科学者と技術者の違い

科学分野の新しい発見をする

科学者は、おもに自然科学分野の研究を行い、それまでに解明されていなかったことを解き明かしたり、人類にとって新たな発見をする人のことをいいます。

具体的な日々の活動内容は実験や研究となりますが、それを論文にまとめ、学会で発表することを行っていきます。

科学者が目指すべきところは、いかに新たな知見に関する論文を書き、世に認めてもらうかということです。

その時点では答えのない問いにひたすら挑み続けていくのが、科学者という存在です。

なお、科学者の大半は大学院へ進んで「博士号」を取得しており、大学に所属して研究活動を続ける人のほか、企業の研究所や公的研究所で働く人もいます。

世の中を便利にする製品の開発をする技術者

技術者は、製造業などに勤務する「開発職」の人のことを指すことが多いです。

専門分野は機械、化学、電気・電子、建築など多岐にわたりますが、いずれの分野でも知識を応用して、世に出て役に立つもの(製品)を短期~中期スパンで具体的な形にしていくことが、技術者のおもな役割となっています。

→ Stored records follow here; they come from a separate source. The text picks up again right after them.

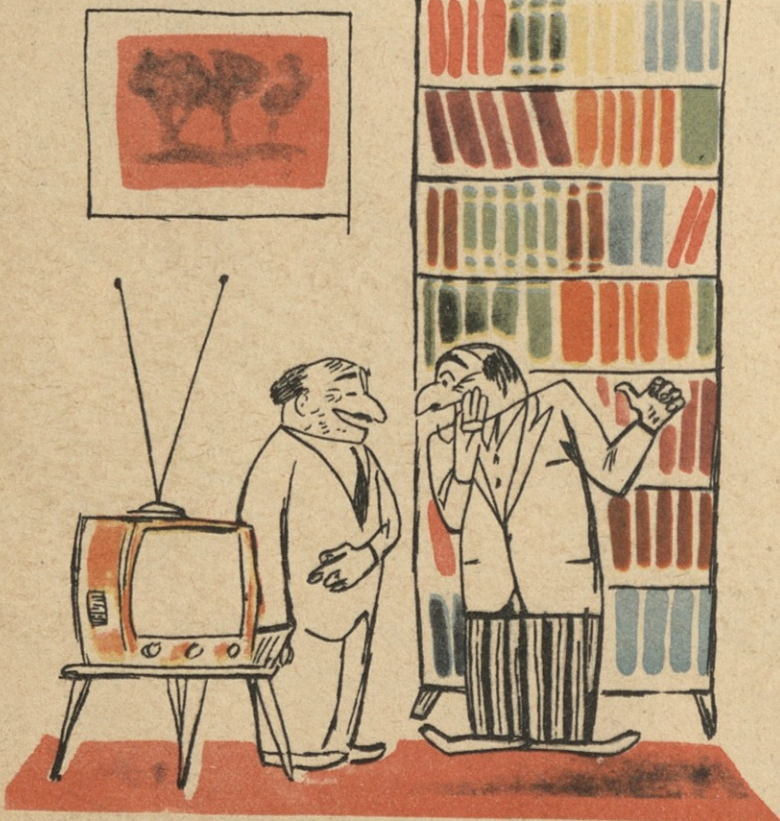
— ჩვენს ქალაქში ჭირ ტელეგადაცემები არ არის და ტელევიზორი რად გინდა? — არც წიგნების კარადა მჭირდება, მაგრამ...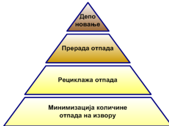
Слика 1. Циљеви управљања отпадом

Изработом наведеног плана елиминисаће се актуелни проблеми на подручју општине Мионица где до сада није успостављен систем управљања отпадом: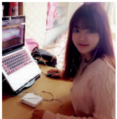
《一颗樱桃在韩国》主播:樱桃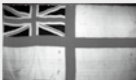
「英国軍艦旗」 (公益財団法人宇和島伊達文化保存会蔵)

■秋まで待てないダテ話① 「パークス来宇150年」 9月に予定している秋期特別展について、少しでもご紹介いたします。 今年から数えて150年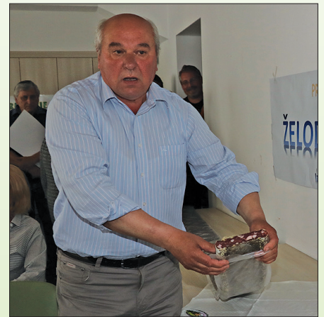
Prezali so tudi 6-metrskega velikana.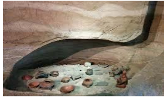
Tumba de tiro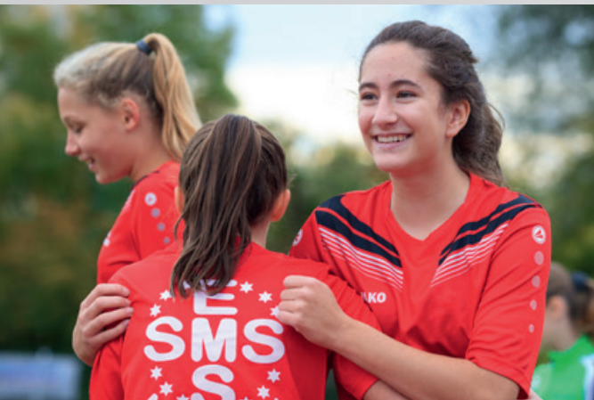
Laufen macht Spaß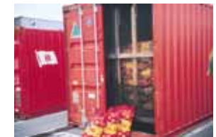
展示物イメージ(コンテナ内容物) (提案事業:事業主体 名古屋市)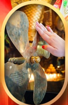
หมอนกั้งหันแซง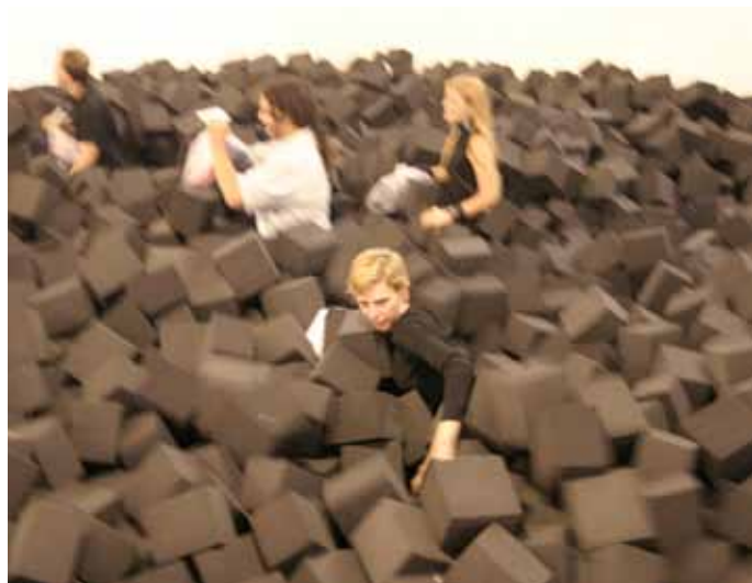
SUN YUAN & PENG YU , «The strongest dragon gets across the river», 2005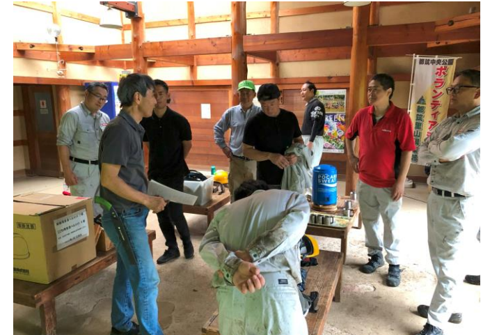
体験終了後の振返り・質疑応答 10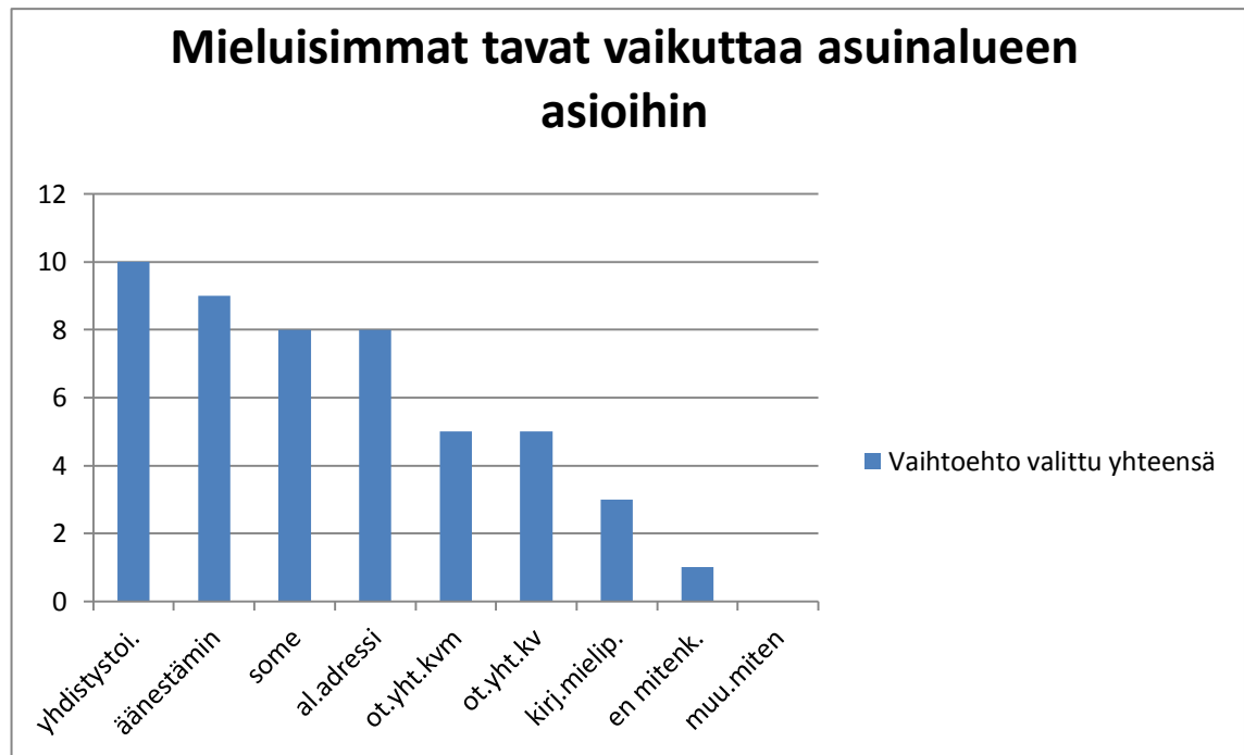
Kuvio 5. Mieluisimmat tavat vaikuttaa asuinalueen asioihin N=20

製品開発を行う技術者は、ものづくりにおいてコストや安全性まで考えた設計を行わなくてはなりません。

また、形のあるものづくりをするだけでなく、Webサービスやシステムといった手には触れられないものをつくるIT分野で活躍するエンジニアも技術者の一種といえます。

どちらも研究者の一種

科学者と技術者が行っていることは、場合によっては一部重なる部分もあると考えられます。

実際にものづくりをする技術者のほうが、より職人的な要素が強い仕事といえますが、技術者でもものづくりのための研究活動に力を注いでいる人もいます。

なお、さらに似たような意味で使われる仕事に「研究者」もありますが、科学者も技術者も研究をして成果を出すことから、それぞれ研究者でもあるといえるでしょう。